▶ Input data
BEGIN

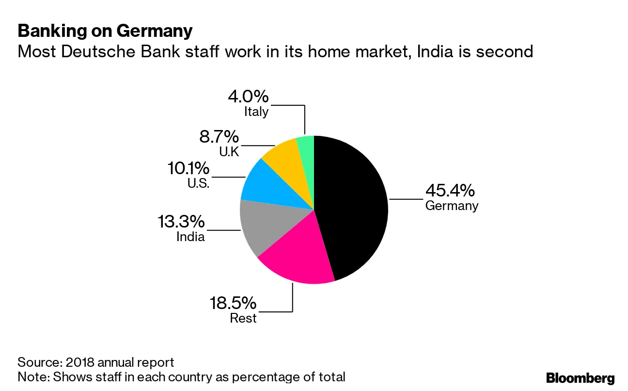 德意志银行计划在德国裁员 大约一半的计划裁员18,000个职位,知情人士表示。伦敦也将 特别受到影响,部分原因是脱欧,而美国在银行退出其股票交易业务后,前台裁员的比例可能会较低。德国计划的裁员规模可能会让分析师感到惊讶,因为首席执行官之前表示该国将看到其“公平”的裁员份额。
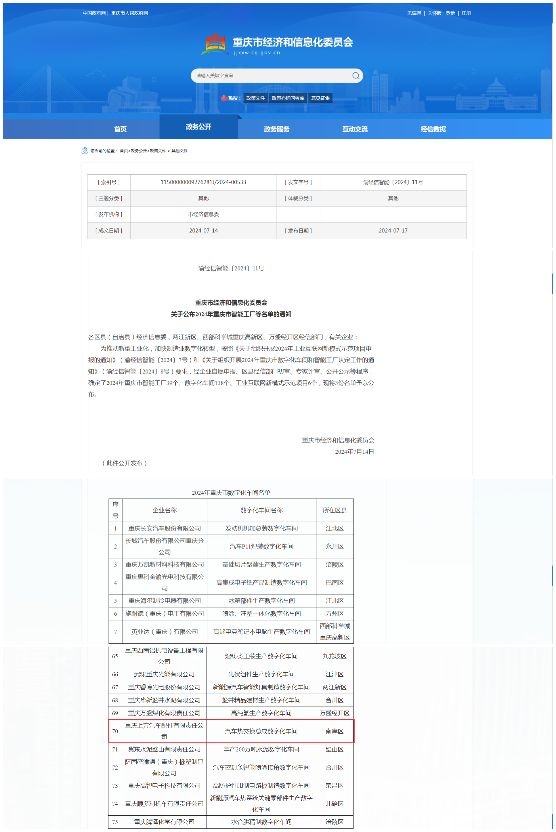 近日,重庆市经信委公示了2024年重庆市数字化车间、智能工厂和工业互联网新模式示范项目名单,上方公司“汽车热交换总成数字化车间”成功入选重庆市数字化车间名单。
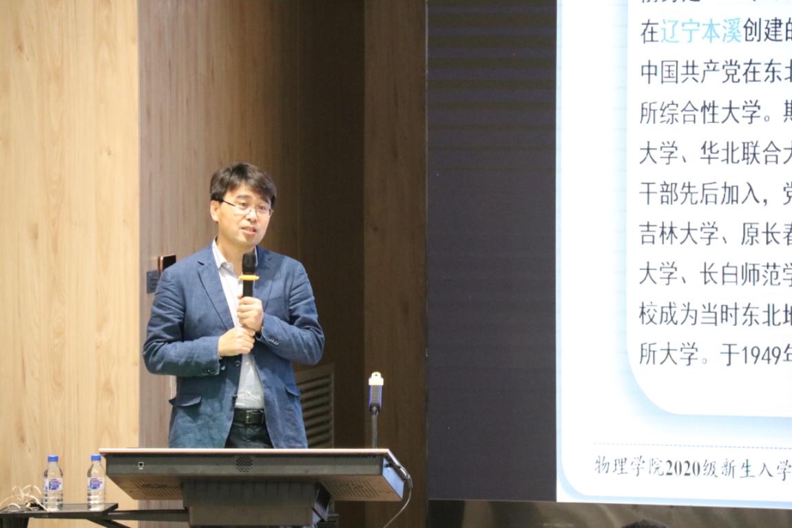 吴金辉院长从东师概况、物院简介、平台介绍、就业情况、学生活动五个方面对同学们了进行思想教育指导,加强学生对东师教育教学理念的认识和理解。吴金辉院长围绕“严谨求实,创新发展”的院训,通过列举优秀校友成就,使学生对“梦想”一词有了更准确的定义。李金环书记语言幽默风趣,从生活和学习了两个方面向学生展示了大学生应有的朴实成熟的行事作风、仔细严谨的学习态度、耐心坚持的进取精神,对学生良好行为习惯的培养起到了引导作用。

END

▶ Task prompt
The pictures alone are to be left out when the data above is copied; all else must match exactly.

▶ Exercise output
 德意志银行计划在德国裁员 大约一半的计划裁员18,000个职位,知情人士表示。伦敦也将 特别受到影响,部分原因是脱欧,而美国在银行退出其股票交易业务后,前台裁员的比例可能会较低。德国计划的裁员规模可能会让分析师感到惊讶,因为首席执行官之前表示该国将看到其“公平”的裁员份额。
 近日,重庆市经信委公示了2024年重庆市数字化车间、智能工厂和工业互联网新模式示范项目名单,上方公司“汽车热交换总成数字化车间”成功入选重庆市数字化车间名单。
 吴金辉院长从东师概况、物院简介、平台介绍、就业情况、学生活动五个方面对同学们了进行思想教育指导,加强学生对东师教育教学理念的认识和理解。吴金辉院长围绕“严谨求实,创新发展”的院训,通过列举优秀校友成就,使学生对“梦想”一词有了更准确的定义。李金环书记语言幽默风趣,从生活和学习了两个方面向学生展示了大学生应有的朴实成熟的行事作风、仔细严谨的学习态度、耐心坚持的进取精神,对学生良好行为习惯的培养起到了引导作用。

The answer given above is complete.